▶ **Work to complete**: Transcribe every line from the one containing "任总:华为还是要踏踏实实继续" to the end of the listing, exactly as written, and leave out the pictures.
--------------------------------------------------
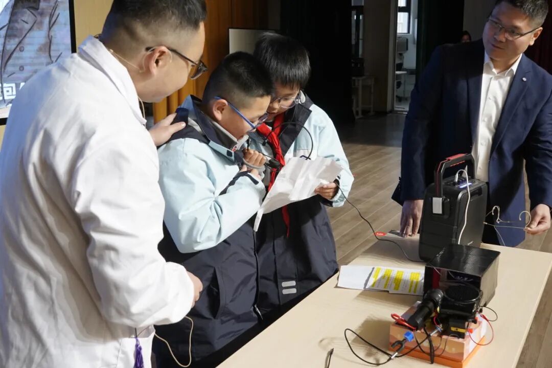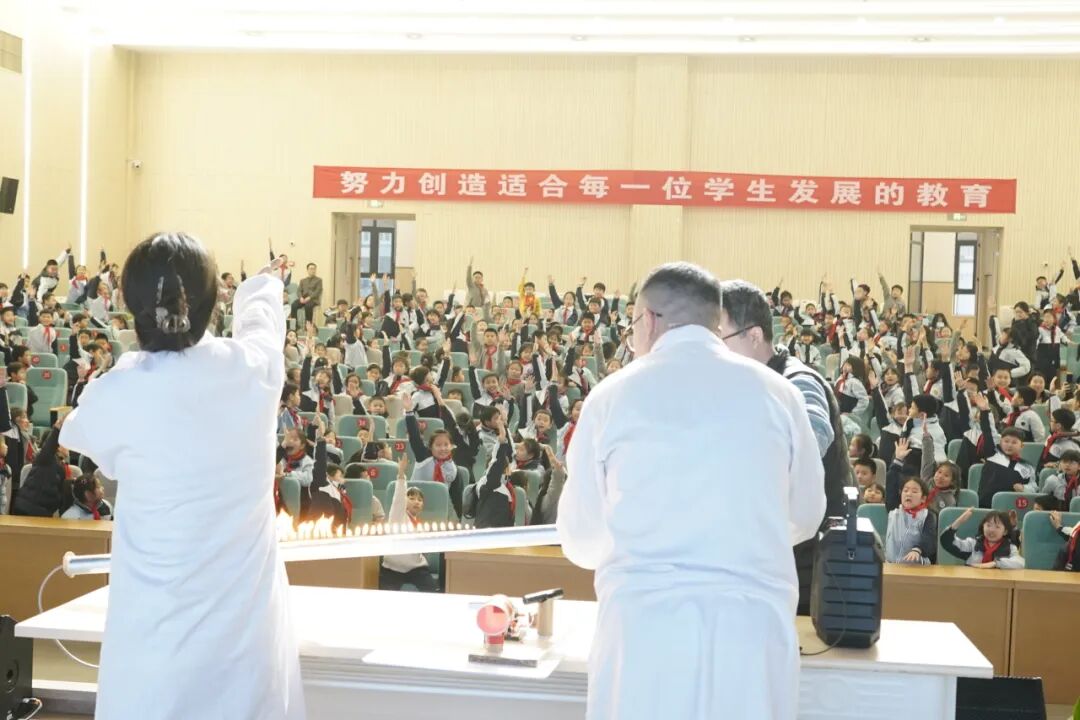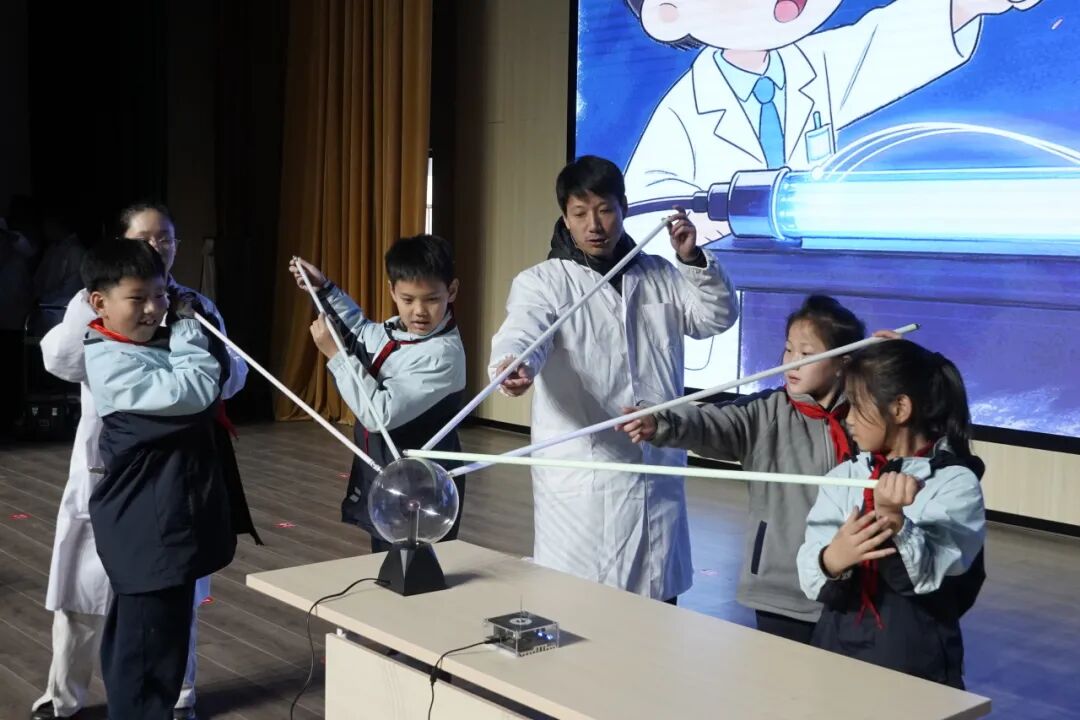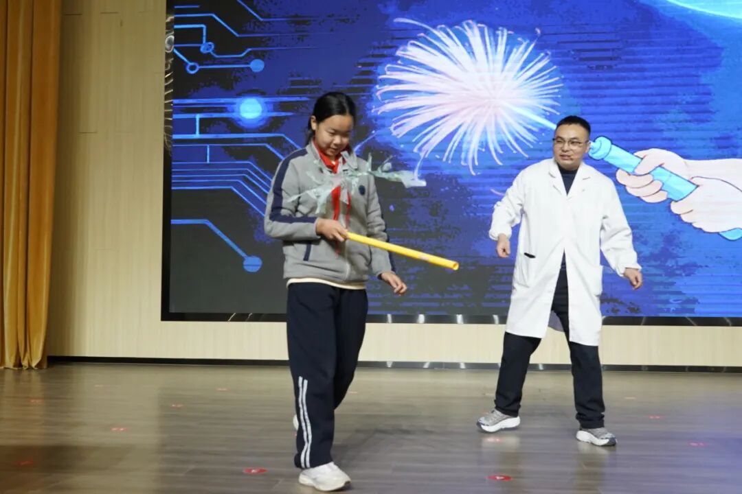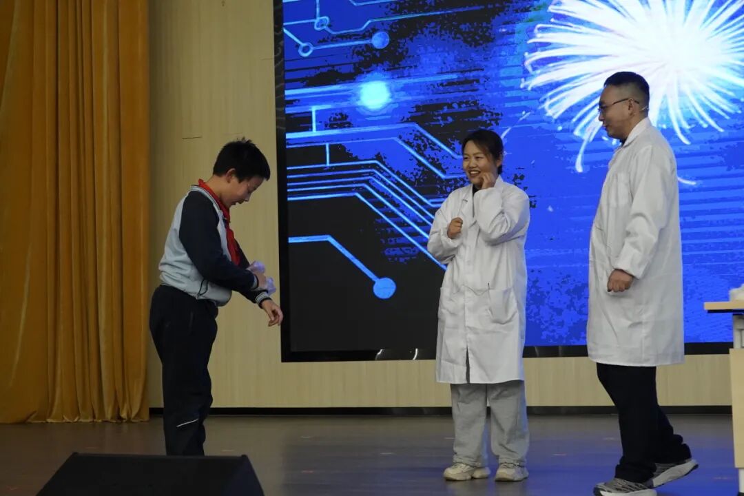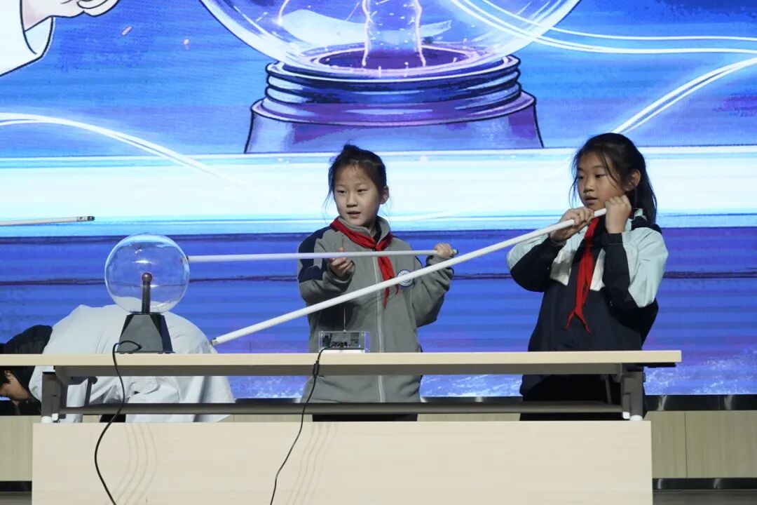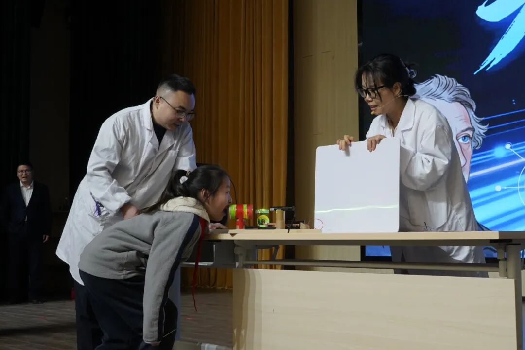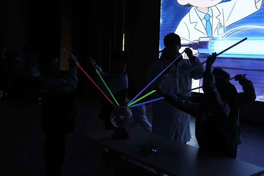 互动环节中,同学们亲身参与,体验了声光融合的奇妙现象,神奇的科学现象让同学们大开眼界。
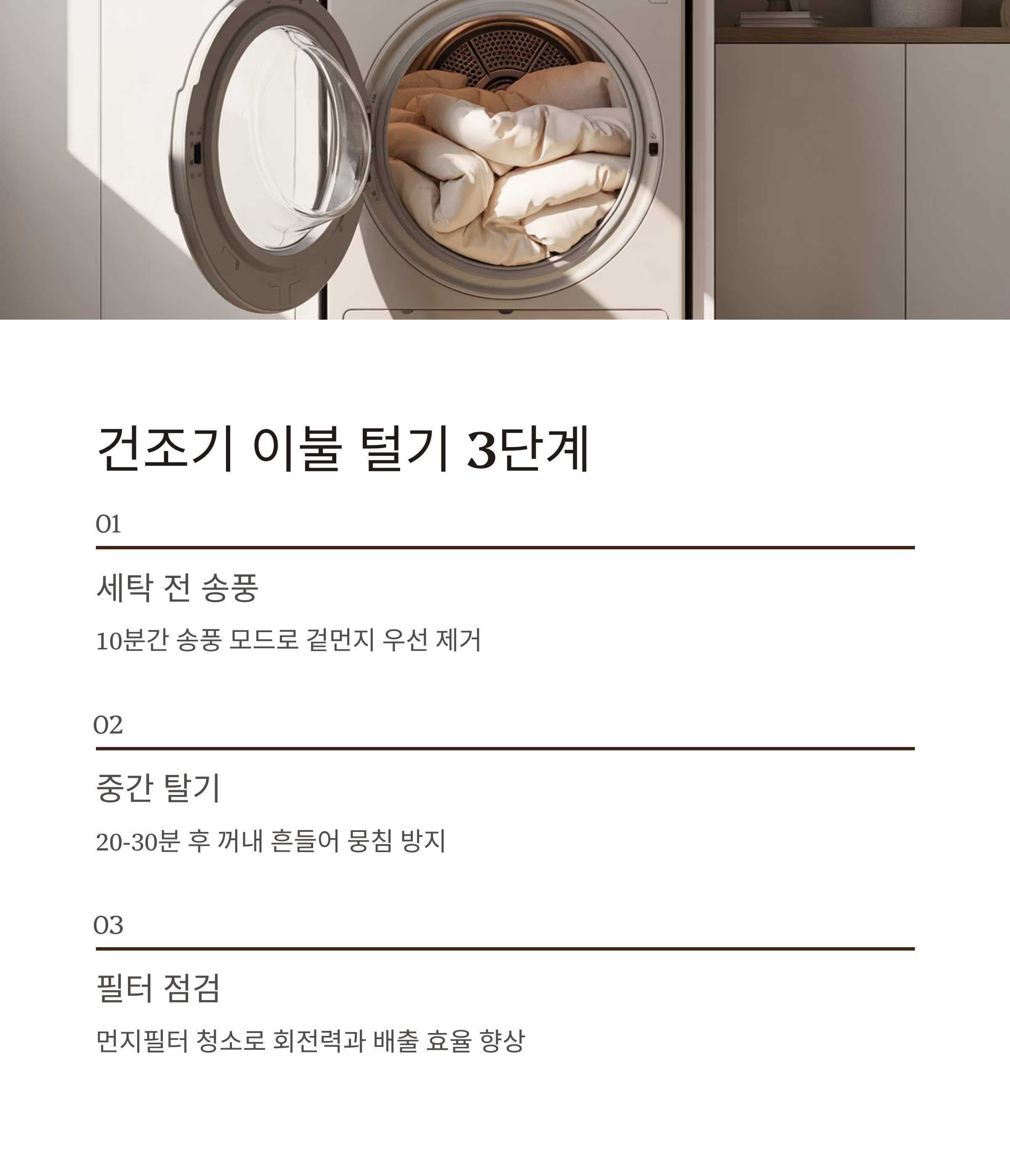 | 건조 전 털기 | 세탁 전 매번 | 10분 송풍 + 도중 탈기 | 뭉침·먼지 제거↑ |
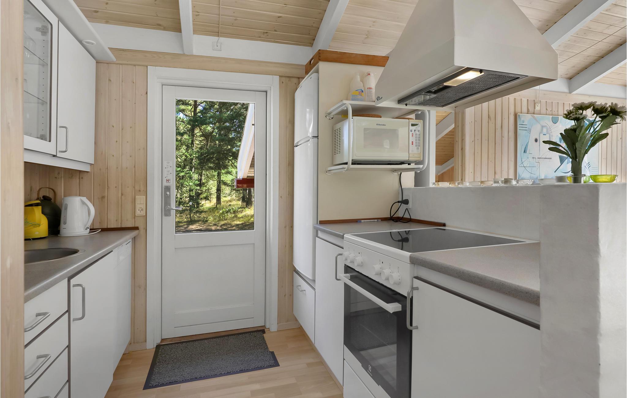 Es besteht aus erstklassigen Materialien, die zu einer einzigartigen Urlaubsatmosphäre beitragen. Im gemütlichen Wohnzimmer mit Holzofen befindet sich eine große Fensterfläche mit Zugang zu einer schönen, großen Holzterrasse, auf der Sie die frische Luft und die langen Sommerabende genießen können. In der offenen Küche gibt es alle nötigen Utensilien und Geröte, sodass Sie sich während des Aufenthalts um nichts kümmern müssen. Es gibt auch zwei Badezimmer, von denen eines über einen Whirlpool und eine Sauna verfügt.
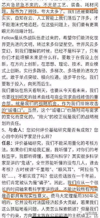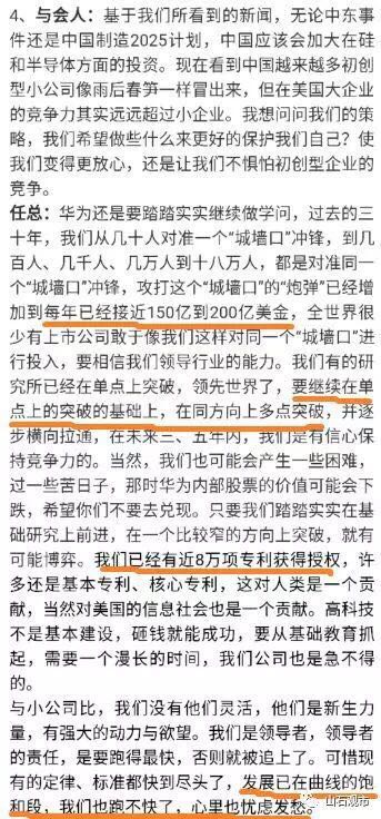 任总:华为还是要踏踏实实继续做学问,过去的三十年,我们从几十人对准一个“城墙口”冲锋,到几百人、几千人、几万人到十八万人,都是对准同一个“城墙口”冲锋,攻打这个“城墙口”的“炮弹”已经增加到每年已经接近150亿到200亿美金,全世界很少有上市公司敢于像我们这样对同一个“城墙口”进行投入,要相信我们领导行业的能力。我们有的研究所已经在单点上突破,领先世界了,要继续在单点上的突破的基础上,在同方向上多点突破,并逐步横向拉通,在未来三、五年内,我们是有信心保持竞争力的。当然,我们也可能会产生一些困难,过一些苦日子,那时华为内部股票的价值可能会下跌,希望你们不要去兑现。只要我们踏踏实实在基础研究上前进,在一个比较窄的方向上突破,就有可能博弈。我们已经有近8万项专利获得授权,许多还是基本专利、核心专利,这对人类是一个贡献,当然对美国的信息社会也是一个贡献。高科技不是基本建设,砸钱就能成功,要从基础教育抓起,需要一个漫长的时间,我们公司也是急不得的。
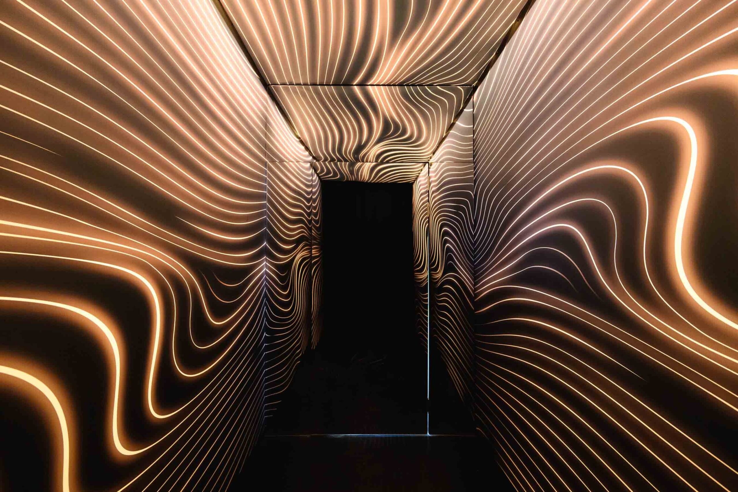 3階ショールームでグッズの雰囲気を確認し、2階では「How It’s Done」「Soda Pop」などOSTをテーマにした展示・体験ゾーンで世界観に没入、1階で商品の受取と購入後のキーリングやワッペンのカスタマイズを経て、最終セクション「ゴールデンステージ」で物語の核となる「混文」を完成させる導線です。
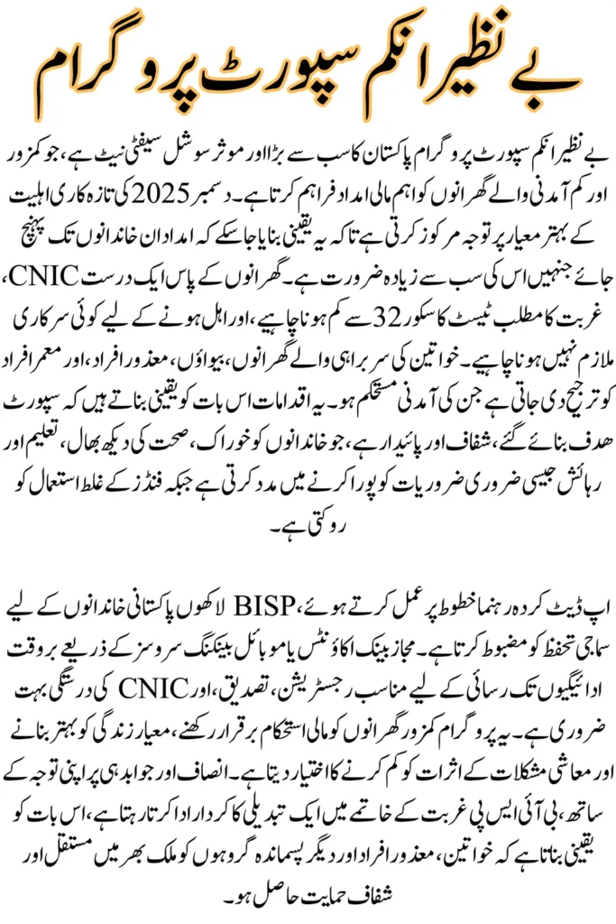 You Can Also Read: BISP Eligibility December Update – Eligibility & New Registration Rules 2025 Latest Complete Guide
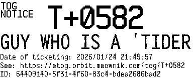 Orbit eTOG Listing Service: T+0582 GUY WHO IS A 'TIDER
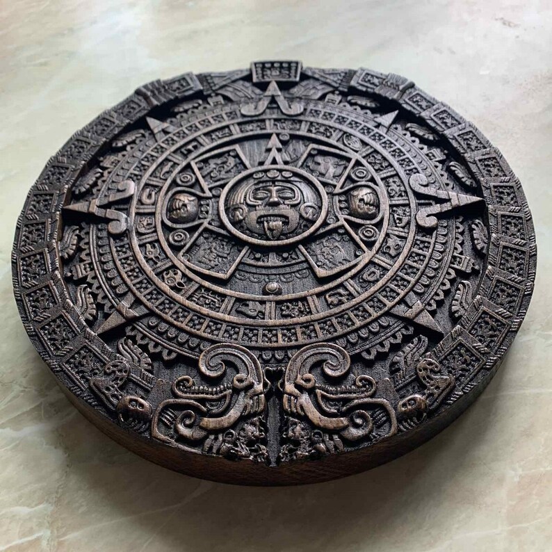 15 Aztec Calendar Wood Carving Plaque Home Decor CNC Ancient Wall Decor
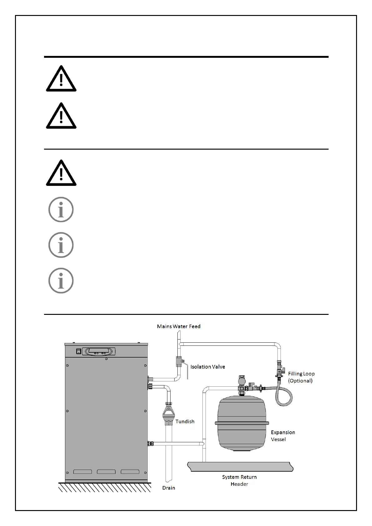 The pressurisation unit and expansion vessel should be connected to the system at the
--------------------------------------------------
▶ **Completed task**:
 任总:华为还是要踏踏实实继续做学问,过去的三十年,我们从几十人对准一个“城墙口”冲锋,到几百人、几千人、几万人到十八万人,都是对准同一个“城墙口”冲锋,攻打这个“城墙口”的“炮弹”已经增加到每年已经接近150亿到200亿美金,全世界很少有上市公司敢于像我们这样对同一个“城墙口”进行投入,要相信我们领导行业的能力。我们有的研究所已经在单点上突破,领先世界了,要继续在单点上的突破的基础上,在同方向上多点突破,并逐步横向拉通,在未来三、五年内,我们是有信心保持竞争力的。当然,我们也可能会产生一些困难,过一些苦日子,那时华为内部股票的价值可能会下跌,希望你们不要去兑现。只要我们踏踏实实在基础研究上前进,在一个比较窄的方向上突破,就有可能博弈。我们已经有近8万项专利获得授权,许多还是基本专利、核心专利,这对人类是一个贡献,当然对美国的信息社会也是一个贡献。高科技不是基本建设,砸钱就能成功,要从基础教育抓起,需要一个漫长的时间,我们公司也是急不得的。
 3階ショールームでグッズの雰囲気を確認し、2階では「How It’s Done」「Soda Pop」などOSTをテーマにした展示・体験ゾーンで世界観に没入、1階で商品の受取と購入後のキーリングやワッペンのカスタマイズを経て、最終セクション「ゴールデンステージ」で物語の核となる「混文」を完成させる導線です。
 You Can Also Read: BISP Eligibility December Update – Eligibility & New Registration Rules 2025 Latest Complete Guide
 Orbit eTOG Listing Service: T+0582 GUY WHO IS A 'TIDER
 15 Aztec Calendar Wood Carving Plaque Home Decor CNC Ancient Wall Decor
 The pressurisation unit and expansion vessel should be connected to the system at the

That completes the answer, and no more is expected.